**Work order:** Reproduce the following entries exactly, leaving nothing out.

[Items from a data source]
※
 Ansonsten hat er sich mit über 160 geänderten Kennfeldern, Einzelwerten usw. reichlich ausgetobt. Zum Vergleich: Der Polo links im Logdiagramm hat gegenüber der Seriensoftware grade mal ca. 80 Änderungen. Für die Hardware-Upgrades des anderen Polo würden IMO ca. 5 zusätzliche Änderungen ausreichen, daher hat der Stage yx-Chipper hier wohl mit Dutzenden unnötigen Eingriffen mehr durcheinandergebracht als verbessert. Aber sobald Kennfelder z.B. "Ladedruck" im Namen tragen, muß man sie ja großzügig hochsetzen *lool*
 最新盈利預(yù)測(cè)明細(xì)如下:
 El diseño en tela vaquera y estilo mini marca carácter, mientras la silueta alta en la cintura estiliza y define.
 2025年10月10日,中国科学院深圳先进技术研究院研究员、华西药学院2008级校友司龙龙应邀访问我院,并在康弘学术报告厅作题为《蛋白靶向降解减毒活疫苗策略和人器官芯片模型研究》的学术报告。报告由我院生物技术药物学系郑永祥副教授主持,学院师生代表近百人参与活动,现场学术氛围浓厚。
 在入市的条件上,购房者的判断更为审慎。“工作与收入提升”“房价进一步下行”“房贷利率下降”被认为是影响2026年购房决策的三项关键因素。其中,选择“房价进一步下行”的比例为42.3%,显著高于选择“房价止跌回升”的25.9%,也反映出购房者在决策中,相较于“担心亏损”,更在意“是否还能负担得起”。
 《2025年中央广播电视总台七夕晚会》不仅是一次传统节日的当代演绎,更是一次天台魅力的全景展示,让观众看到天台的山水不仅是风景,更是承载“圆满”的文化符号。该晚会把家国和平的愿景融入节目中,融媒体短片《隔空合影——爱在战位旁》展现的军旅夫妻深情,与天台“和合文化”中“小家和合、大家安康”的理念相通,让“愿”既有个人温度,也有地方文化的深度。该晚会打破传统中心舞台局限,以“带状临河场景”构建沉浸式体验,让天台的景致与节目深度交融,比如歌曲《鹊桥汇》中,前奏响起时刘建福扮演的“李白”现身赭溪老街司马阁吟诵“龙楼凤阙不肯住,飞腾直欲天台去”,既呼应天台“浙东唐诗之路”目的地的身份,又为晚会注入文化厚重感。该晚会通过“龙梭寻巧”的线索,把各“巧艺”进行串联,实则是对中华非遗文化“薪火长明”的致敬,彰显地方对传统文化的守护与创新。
※
**Result for this task:**
 Ansonsten hat er sich mit über 160 geänderten Kennfeldern, Einzelwerten usw. reichlich ausgetobt. Zum Vergleich: Der Polo links im Logdiagramm hat gegenüber der Seriensoftware grade mal ca. 80 Änderungen. Für die Hardware-Upgrades des anderen Polo würden IMO ca. 5 zusätzliche Änderungen ausreichen, daher hat der Stage yx-Chipper hier wohl mit Dutzenden unnötigen Eingriffen mehr durcheinandergebracht als verbessert. Aber sobald Kennfelder z.B. "Ladedruck" im Namen tragen, muß man sie ja großzügig hochsetzen *lool*
 最新盈利預(yù)測(cè)明細(xì)如下:
 El diseño en tela vaquera y estilo mini marca carácter, mientras la silueta alta en la cintura estiliza y define.
 2025年10月10日,中国科学院深圳先进技术研究院研究员、华西药学院2008级校友司龙龙应邀访问我院,并在康弘学术报告厅作题为《蛋白靶向降解减毒活疫苗策略和人器官芯片模型研究》的学术报告。报告由我院生物技术药物学系郑永祥副教授主持,学院师生代表近百人参与活动,现场学术氛围浓厚。
 在入市的条件上,购房者的判断更为审慎。“工作与收入提升”“房价进一步下行”“房贷利率下降”被认为是影响2026年购房决策的三项关键因素。其中,选择“房价进一步下行”的比例为42.3%,显著高于选择“房价止跌回升”的25.9%,也反映出购房者在决策中,相较于“担心亏损”,更在意“是否还能负担得起”。
 《2025年中央广播电视总台七夕晚会》不仅是一次传统节日的当代演绎,更是一次天台魅力的全景展示,让观众看到天台的山水不仅是风景,更是承载“圆满”的文化符号。该晚会把家国和平的愿景融入节目中,融媒体短片《隔空合影——爱在战位旁》展现的军旅夫妻深情,与天台“和合文化”中“小家和合、大家安康”的理念相通,让“愿”既有个人温度,也有地方文化的深度。该晚会打破传统中心舞台局限,以“带状临河场景”构建沉浸式体验,让天台的景致与节目深度交融,比如歌曲《鹊桥汇》中,前奏响起时刘建福扮演的“李白”现身赭溪老街司马阁吟诵“龙楼凤阙不肯住,飞腾直欲天台去”,既呼应天台“浙东唐诗之路”目的地的身份,又为晚会注入文化厚重感。该晚会通过“龙梭寻巧”的线索,把各“巧艺”进行串联,实则是对中华非遗文化“薪火长明”的致敬,彰显地方对传统文化的守护与创新。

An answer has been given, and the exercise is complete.